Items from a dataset
- - -
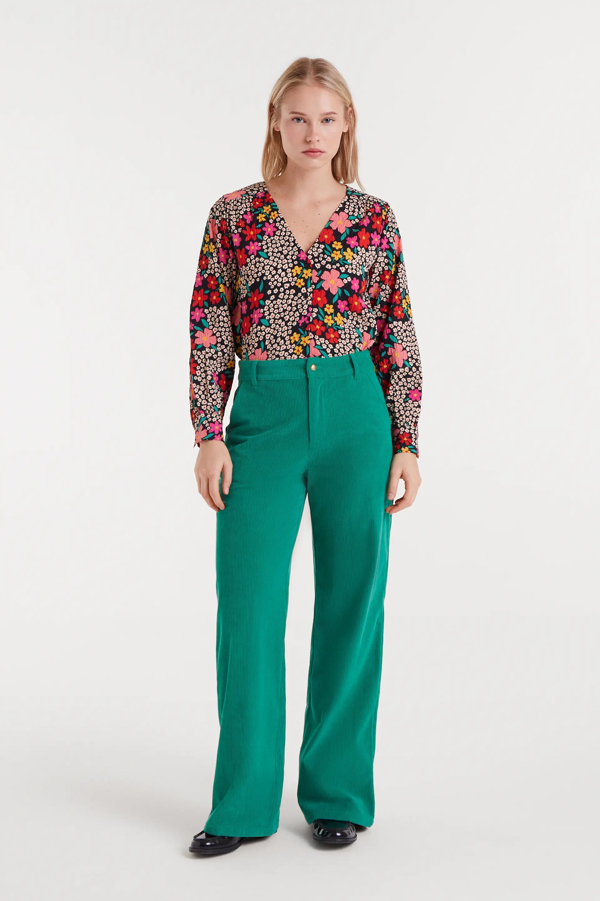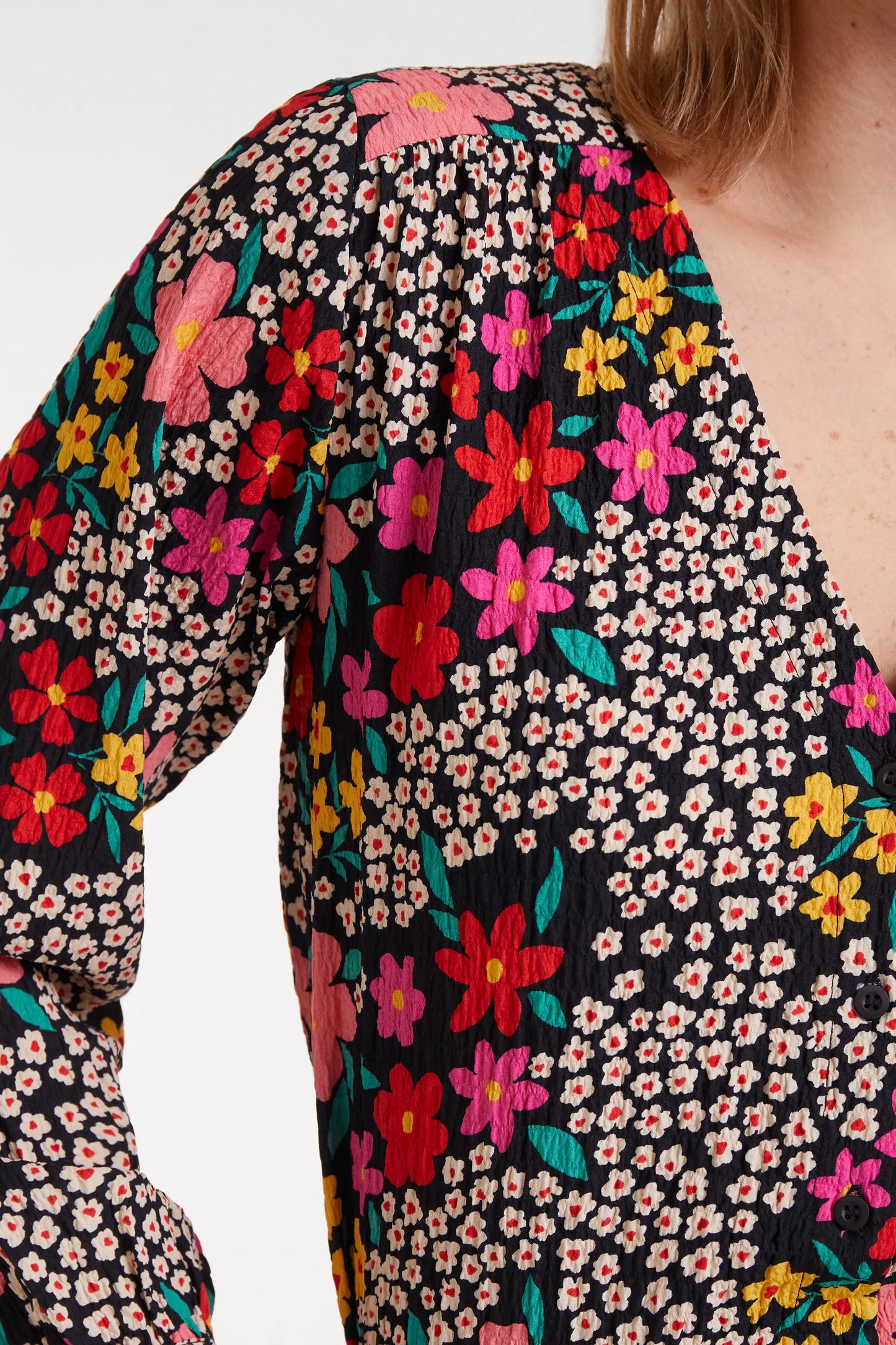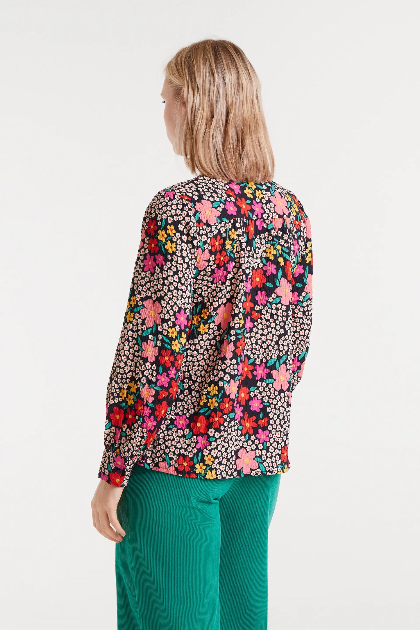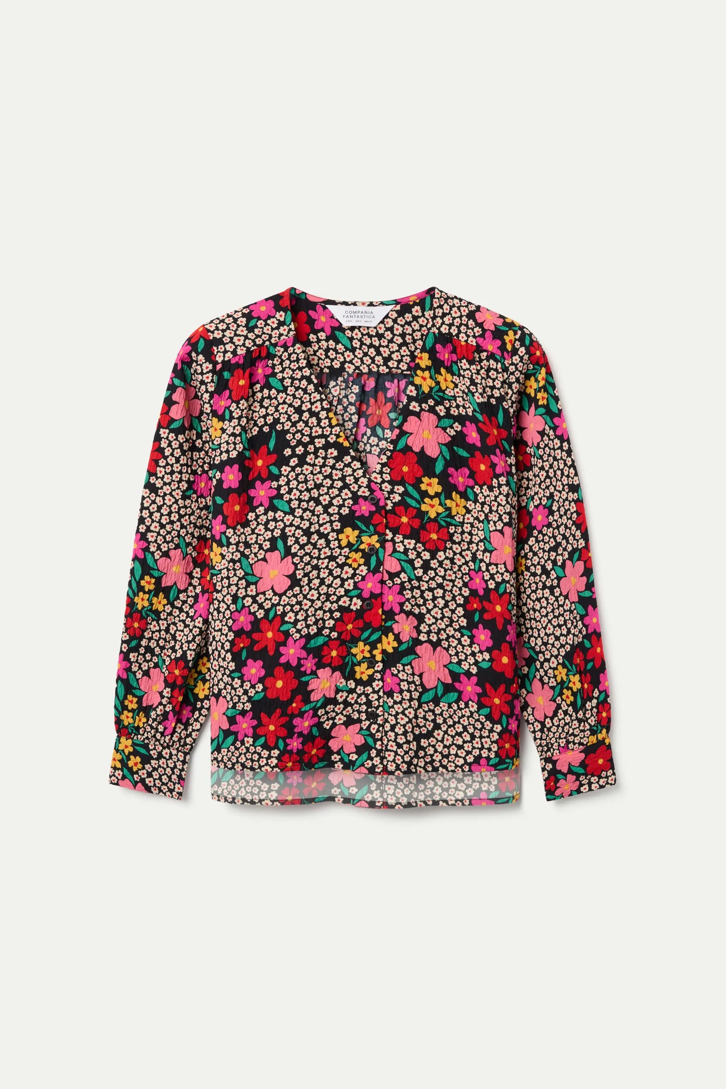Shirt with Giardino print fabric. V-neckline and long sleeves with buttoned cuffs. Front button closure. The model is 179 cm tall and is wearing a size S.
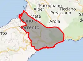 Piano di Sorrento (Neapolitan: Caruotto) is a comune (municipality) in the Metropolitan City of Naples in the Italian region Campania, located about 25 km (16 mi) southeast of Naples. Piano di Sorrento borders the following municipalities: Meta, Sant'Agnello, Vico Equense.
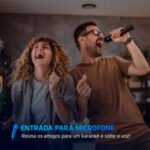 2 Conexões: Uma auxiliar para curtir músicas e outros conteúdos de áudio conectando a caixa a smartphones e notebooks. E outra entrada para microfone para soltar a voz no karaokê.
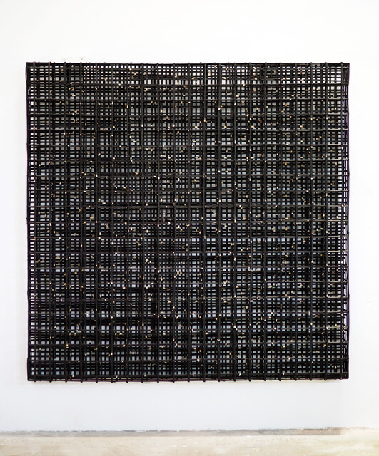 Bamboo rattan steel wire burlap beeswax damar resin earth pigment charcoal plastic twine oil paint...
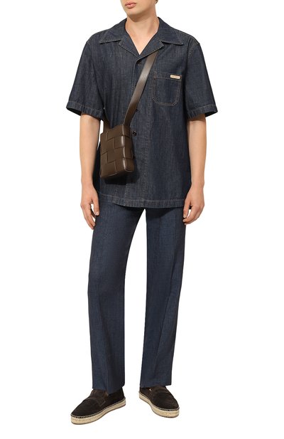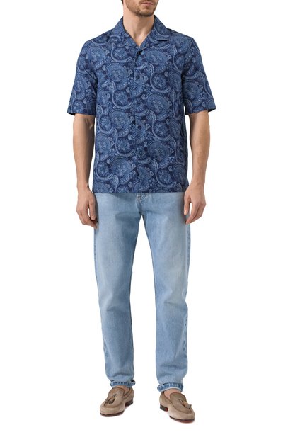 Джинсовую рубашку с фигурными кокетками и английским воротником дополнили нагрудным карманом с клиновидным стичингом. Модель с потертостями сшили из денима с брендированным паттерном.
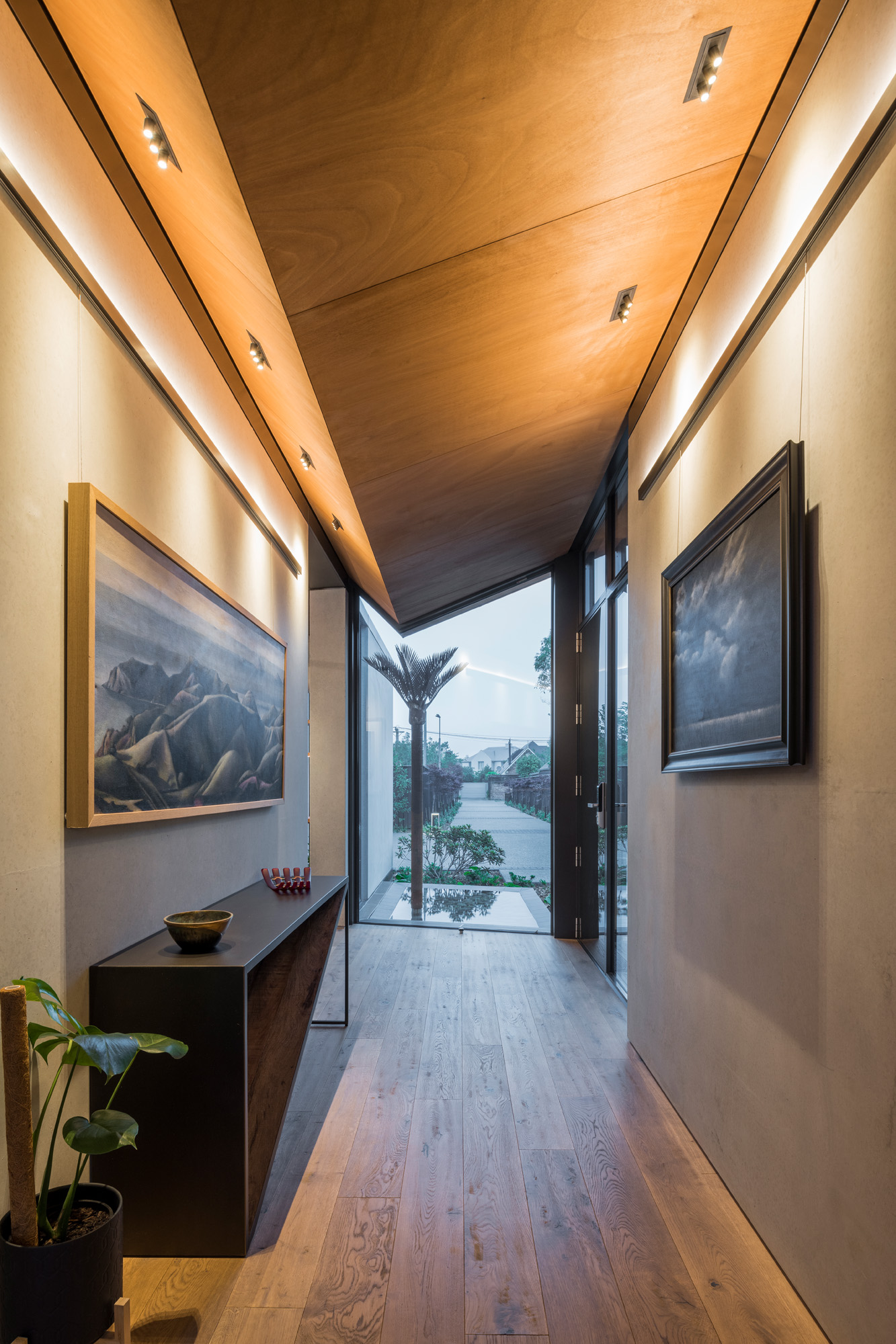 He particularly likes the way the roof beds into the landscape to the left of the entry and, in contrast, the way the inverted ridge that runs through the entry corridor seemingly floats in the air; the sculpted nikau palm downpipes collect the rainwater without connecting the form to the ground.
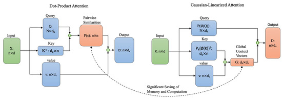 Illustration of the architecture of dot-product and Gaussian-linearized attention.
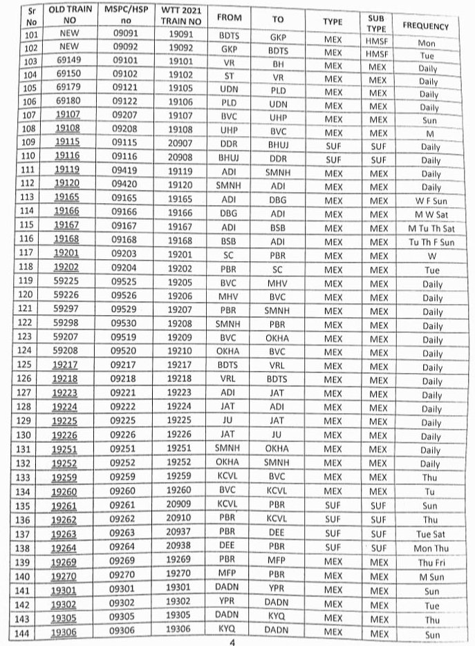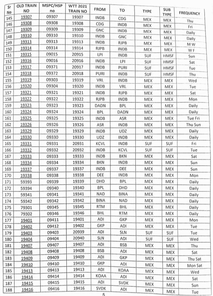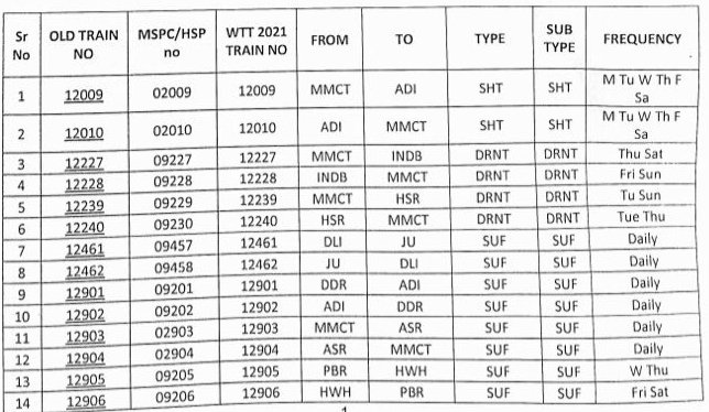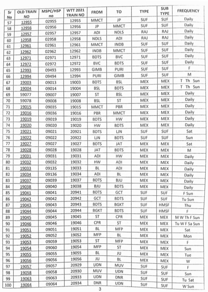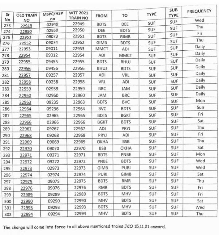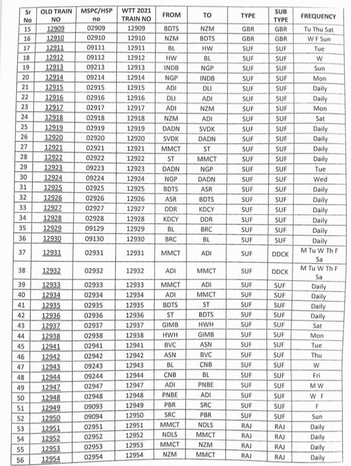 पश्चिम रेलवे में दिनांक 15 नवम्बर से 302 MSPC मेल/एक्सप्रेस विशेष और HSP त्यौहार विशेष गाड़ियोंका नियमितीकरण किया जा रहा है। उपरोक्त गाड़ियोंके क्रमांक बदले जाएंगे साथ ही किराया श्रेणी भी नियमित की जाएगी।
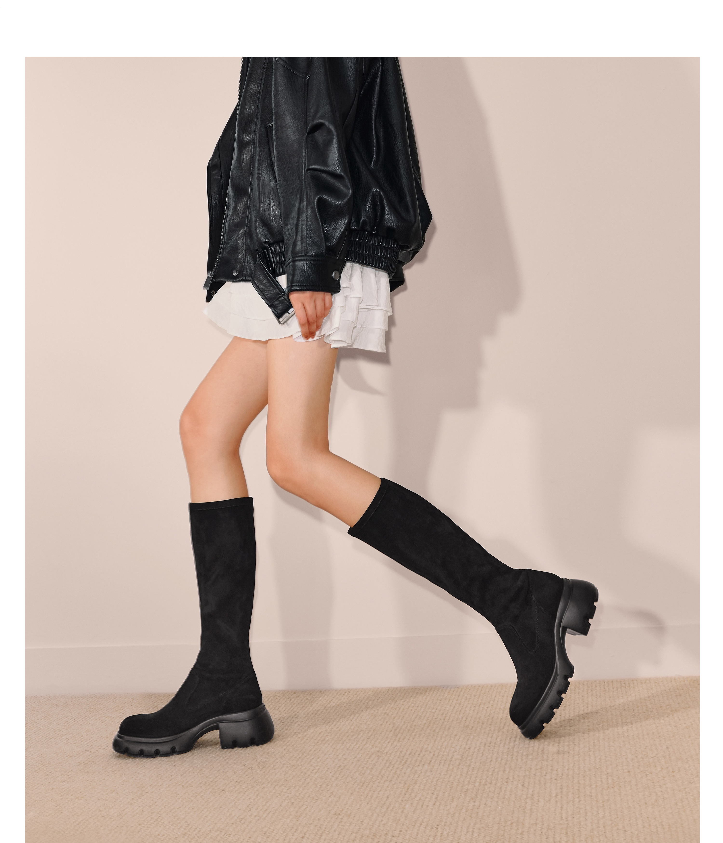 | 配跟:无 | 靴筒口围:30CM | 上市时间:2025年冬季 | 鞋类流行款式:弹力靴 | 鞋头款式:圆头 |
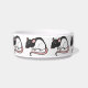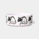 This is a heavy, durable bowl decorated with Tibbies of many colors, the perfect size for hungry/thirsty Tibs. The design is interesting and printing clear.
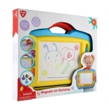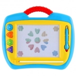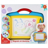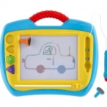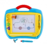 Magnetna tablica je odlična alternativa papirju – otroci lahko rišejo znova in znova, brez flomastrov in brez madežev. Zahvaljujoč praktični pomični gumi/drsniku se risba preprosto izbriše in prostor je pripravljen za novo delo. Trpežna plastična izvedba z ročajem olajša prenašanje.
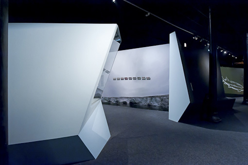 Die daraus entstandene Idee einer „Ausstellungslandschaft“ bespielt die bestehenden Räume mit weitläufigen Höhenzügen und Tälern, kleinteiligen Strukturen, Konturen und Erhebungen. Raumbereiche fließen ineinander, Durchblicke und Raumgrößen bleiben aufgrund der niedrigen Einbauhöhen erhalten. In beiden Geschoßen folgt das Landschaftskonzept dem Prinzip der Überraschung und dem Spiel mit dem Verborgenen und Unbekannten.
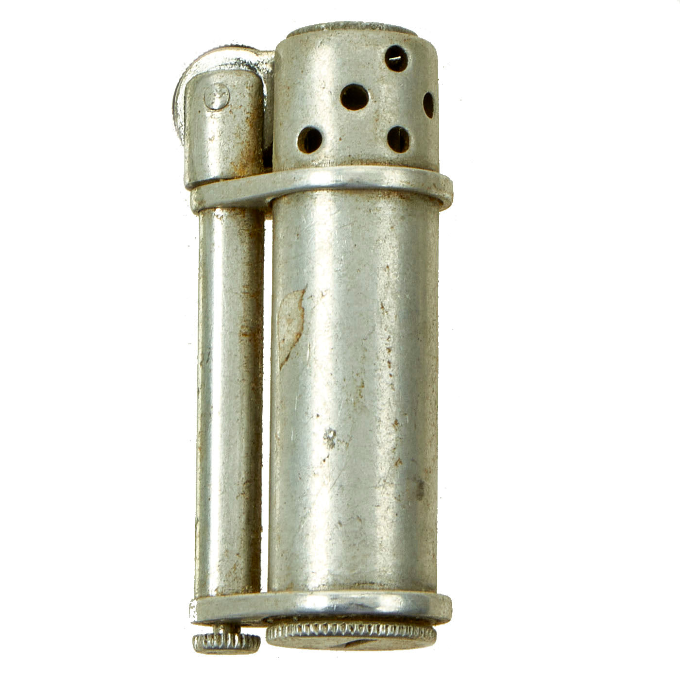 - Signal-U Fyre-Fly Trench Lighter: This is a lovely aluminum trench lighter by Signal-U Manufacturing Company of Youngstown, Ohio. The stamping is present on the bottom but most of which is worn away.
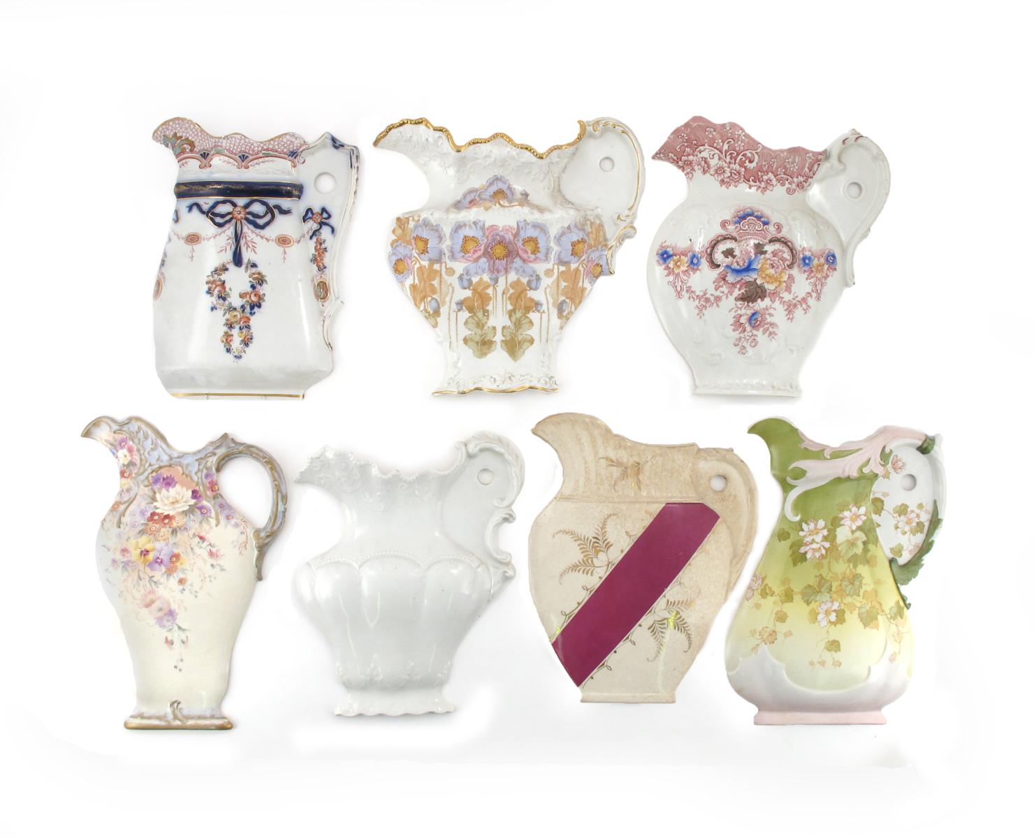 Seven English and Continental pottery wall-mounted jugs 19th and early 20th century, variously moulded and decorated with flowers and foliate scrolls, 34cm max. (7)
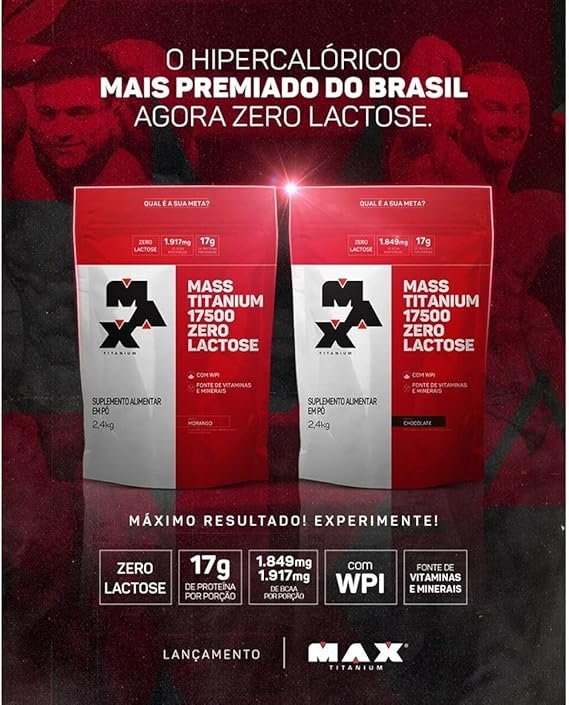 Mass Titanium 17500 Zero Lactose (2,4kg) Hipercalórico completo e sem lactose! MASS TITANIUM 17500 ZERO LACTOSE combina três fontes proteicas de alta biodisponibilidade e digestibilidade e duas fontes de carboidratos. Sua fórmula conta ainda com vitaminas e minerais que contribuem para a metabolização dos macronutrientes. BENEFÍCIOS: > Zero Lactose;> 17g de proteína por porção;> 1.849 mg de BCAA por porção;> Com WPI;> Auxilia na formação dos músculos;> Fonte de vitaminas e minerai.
- - -
Transcribe all records verbatim, no pictures.

● FINISHED EXERCISE:
Shirt with Giardino print fabric. V-neckline and long sleeves with buttoned cuffs. Front button closure. The model is 179 cm tall and is wearing a size S.
 Piano di Sorrento (Neapolitan: Caruotto) is a comune (municipality) in the Metropolitan City of Naples in the Italian region Campania, located about 25 km (16 mi) southeast of Naples. Piano di Sorrento borders the following municipalities: Meta, Sant'Agnello, Vico Equense.
 2 Conexões: Uma auxiliar para curtir músicas e outros conteúdos de áudio conectando a caixa a smartphones e notebooks. E outra entrada para microfone para soltar a voz no karaokê.
 Bamboo rattan steel wire burlap beeswax damar resin earth pigment charcoal plastic twine oil paint...
 Джинсовую рубашку с фигурными кокетками и английским воротником дополнили нагрудным карманом с клиновидным стичингом. Модель с потертостями сшили из денима с брендированным паттерном.
 He particularly likes the way the roof beds into the landscape to the left of the entry and, in contrast, the way the inverted ridge that runs through the entry corridor seemingly floats in the air; the sculpted nikau palm downpipes collect the rainwater without connecting the form to the ground.
 Illustration of the architecture of dot-product and Gaussian-linearized attention.
 पश्चिम रेलवे में दिनांक 15 नवम्बर से 302 MSPC मेल/एक्सप्रेस विशेष और HSP त्यौहार विशेष गाड़ियोंका नियमितीकरण किया जा रहा है। उपरोक्त गाड़ियोंके क्रमांक बदले जाएंगे साथ ही किराया श्रेणी भी नियमित की जाएगी।
 | 配跟:无 | 靴筒口围:30CM | 上市时间:2025年冬季 | 鞋类流行款式:弹力靴 | 鞋头款式:圆头 |
 This is a heavy, durable bowl decorated with Tibbies of many colors, the perfect size for hungry/thirsty Tibs. The design is interesting and printing clear.
 Magnetna tablica je odlična alternativa papirju – otroci lahko rišejo znova in znova, brez flomastrov in brez madežev. Zahvaljujoč praktični pomični gumi/drsniku se risba preprosto izbriše in prostor je pripravljen za novo delo. Trpežna plastična izvedba z ročajem olajša prenašanje.
 Die daraus entstandene Idee einer „Ausstellungslandschaft“ bespielt die bestehenden Räume mit weitläufigen Höhenzügen und Tälern, kleinteiligen Strukturen, Konturen und Erhebungen. Raumbereiche fließen ineinander, Durchblicke und Raumgrößen bleiben aufgrund der niedrigen Einbauhöhen erhalten. In beiden Geschoßen folgt das Landschaftskonzept dem Prinzip der Überraschung und dem Spiel mit dem Verborgenen und Unbekannten.
 - Signal-U Fyre-Fly Trench Lighter: This is a lovely aluminum trench lighter by Signal-U Manufacturing Company of Youngstown, Ohio. The stamping is present on the bottom but most of which is worn away.
 Seven English and Continental pottery wall-mounted jugs 19th and early 20th century, variously moulded and decorated with flowers and foliate scrolls, 34cm max. (7)
 Mass Titanium 17500 Zero Lactose (2,4kg) Hipercalórico completo e sem lactose! MASS TITANIUM 17500 ZERO LACTOSE combina três fontes proteicas de alta biodisponibilidade e digestibilidade e duas fontes de carboidratos. Sua fórmula conta ainda com vitaminas e minerais que contribuem para a metabolização dos macronutrientes. BENEFÍCIOS: > Zero Lactose;> 17g de proteína por porção;> 1.849 mg de BCAA por porção;> Com WPI;> Auxilia na formação dos músculos;> Fonte de vitaminas e minerai.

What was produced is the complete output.